You can change some of my entries to match your configuration

Finally within the traefik.yml static configuration file:

api:
  insecure: false
  debug: true
  dashboard: true

Appreciate the help! I actually figured it out. I did a full write up, and posted it as a reply. It's still being reviewed by mods though. Maybe because it was pretty lengthy and I'm new to the forums.

Lets hope they give it a green light soon!

This inspired me to kick start a blog to document projects like this, and share them with others.

I’ll refine the website, but the basic write up is available here:

https://www.noblanks.com/blog/traefik-reverse-proxy-setup-guide

Good work! I still want to point you to two great Traefik posts that really made me click:

The biggest difference is that he uses the static file, Traefik.yml for the stuff that should reside there, IMHO.
That makes the other files so much easier to read, and thus understand.

Cool thanks! I tried the Traefik.yml route, but found it less convenient personally. With this approach I can integrate the traefik compose commands straight into my portainer stack. Makes it easy for me to make adjustments on the fly, instead of manually editing files.

What you are missing is that the changes in the traefik.yml file is automatically picked up by Traefik. Having them in the docker-compose file means you have to restart the container to pickup the changes.

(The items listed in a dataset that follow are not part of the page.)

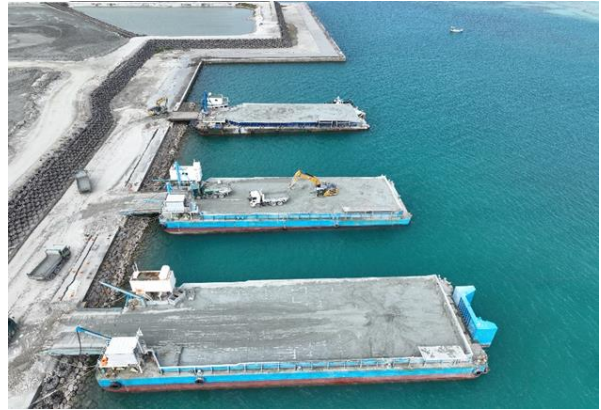
浚渫工事 浚渫(国施工)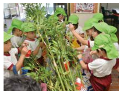
短冊や輪飾りを飾り付ける園児

6月7日、七夕飾りが総社商工会議所で行われました。参加した総社南幼稚園の園児32人は、願い事を書いた短冊や折り紙で作ったちょうちんなどをササに飾り付けたほか、七夕の歌を歌うなどして、楽しんでいました。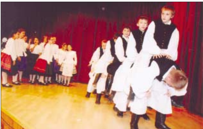
A gyermektáncosok nagy sikerű műsort adtak a nagycsaládosok karácsonyán, tavaly december 14-én az Óbudai Kulturális Központ-Békásmegyeri Közösségi Házban

A Kincső Együttes tavaly is többször tett eleget annak a megtisztelő felkérésnek, hogy a Hagyományok Háza színpadán az Állami Népi Együttest helyettesítse.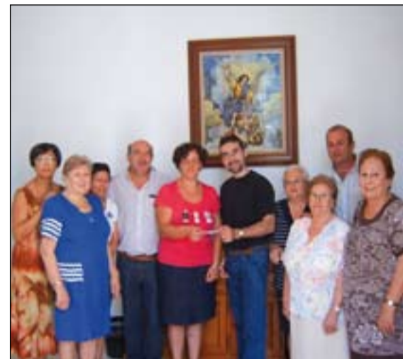
Miembros de Cáritas Interparroquial Zafra hacen entrega del dinero recaudado al técnico de Cáritas diocesana.

Ante esta interpelación cientos de vecinos de Zafra, se solidarizaron con el sufrimiento de estas miles de personas del Cuerno de África y durante las eucaristías de los días 13 y 14 del mencionado mes se oró y se compartió en solidaridad con estos pueblos que mueren de hambre.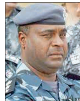
العميد عبدالله سفاح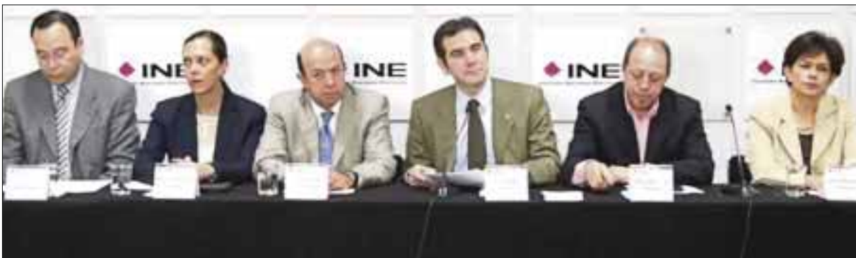
Lorenzo Córdova Vianello llamó a los partidos, los candidatos, los medios de comunicación y la sociedad a motivar una deliberación pública intensa e informada.

Refrendó su compromiso porque las elecciones se lleven a cabo de manera puntual, ordenada y con pleno apego a los principios constitucionales de certeza, legalidad, objetividad, independencia, imparcialidad y máxima publicidad.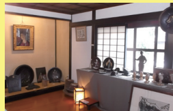
農民美術博物館 「門前茶寮彌生座」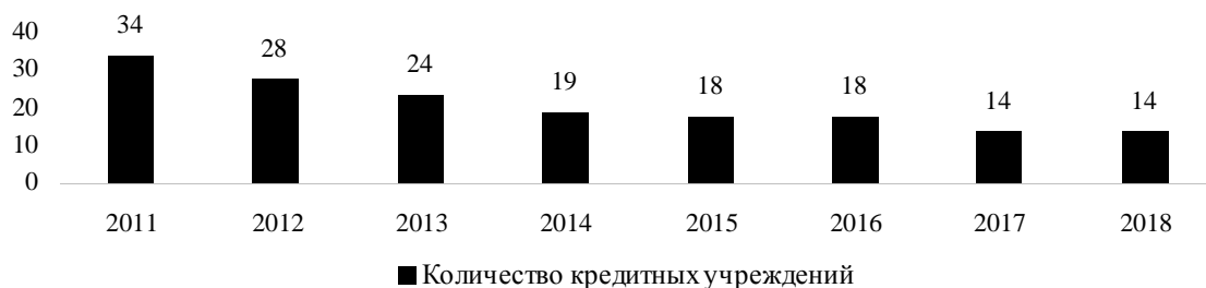
Рис. 1. Динамика количества кредитных учреждений в Приморском крае на 1 января 2011–2018 годов, в единицах

Динамика количества кредитных учреждений на территории Приморского края отражена на рис. 1.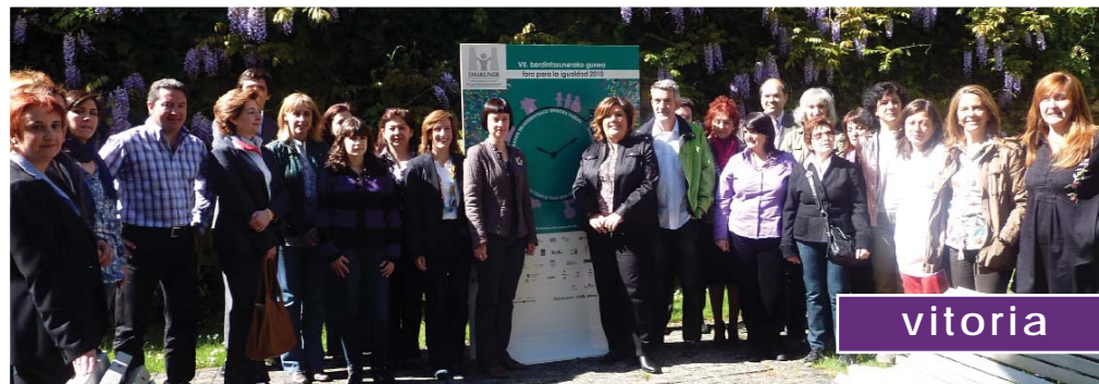
2010 Foroaren aurkezpena. Presentación foro 2010. EMAKUNDE.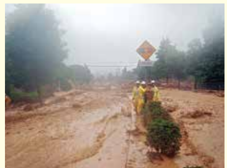
国道 262 号(防府市)

夕方近くになるとやっと雨は止んで、濁流も少しずつ引いて動ける状態になったので市内方面へ移動しました。結局、事務所へ着いたのが 18 時頃だったと思います。鏡で自分の姿を見たら泥だらけ、まるで田んぼの中でバレーボールでもしたような姿でした。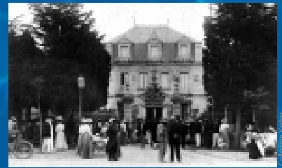
Le "Beauséjour", premier grand hôtel de la station

Le développement de la station bascule vers le nord avec la mise en vente par l'Etat des terrains achetés dans les années 1870 par la Compagnie des Charentes. En témoignent la construction d'une nouvelle gare, l'inauguration d'un casino en 1890 et l'ouverture du premier grand hôtel ( hôtel Beauséjour ).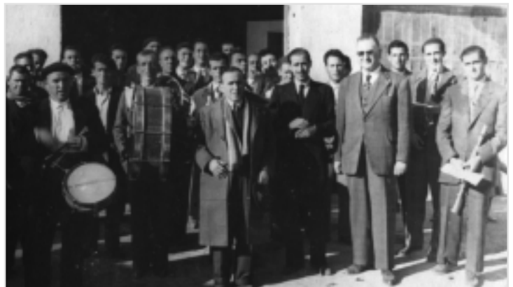
Acto de la banda en 1941'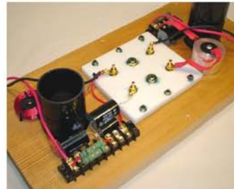
入力端子とネットワーク (写真はJZ-1仕様)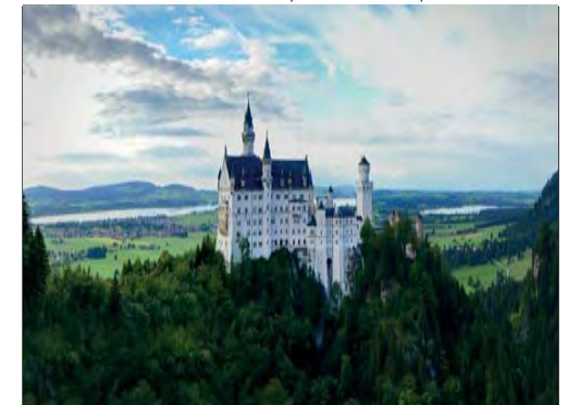
Der Tagungsort befindet sich im malerischen Pfaffenwinkel. Das berühmte Schloss Neuschwanstein ist nur 20 Min entfernt.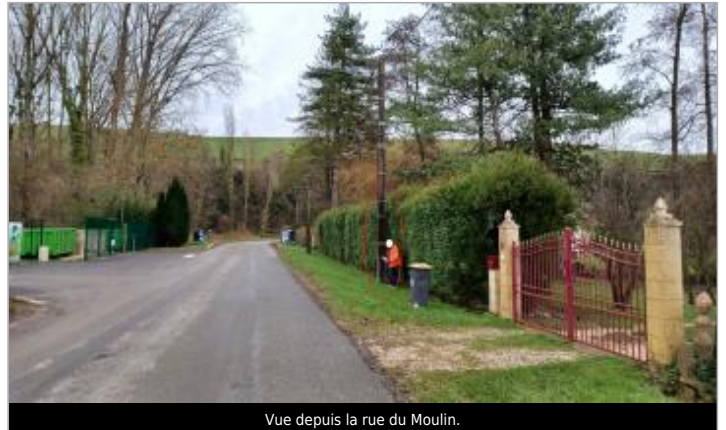
Vue depuis la rue du Moulin.

Coordonnées WGS84 : X: 1.78950121 / Y: 50.52103290

Traefik has both a static and dynamic configuration setup. Changes made within the static configuration file are not dynamically picked up, where as the changes made in the dynamic configuration file are automatically picked up without have to restart containers. I'm aware this "split" of configuration files seems like a pain, however it just fits into the traefik definition of things.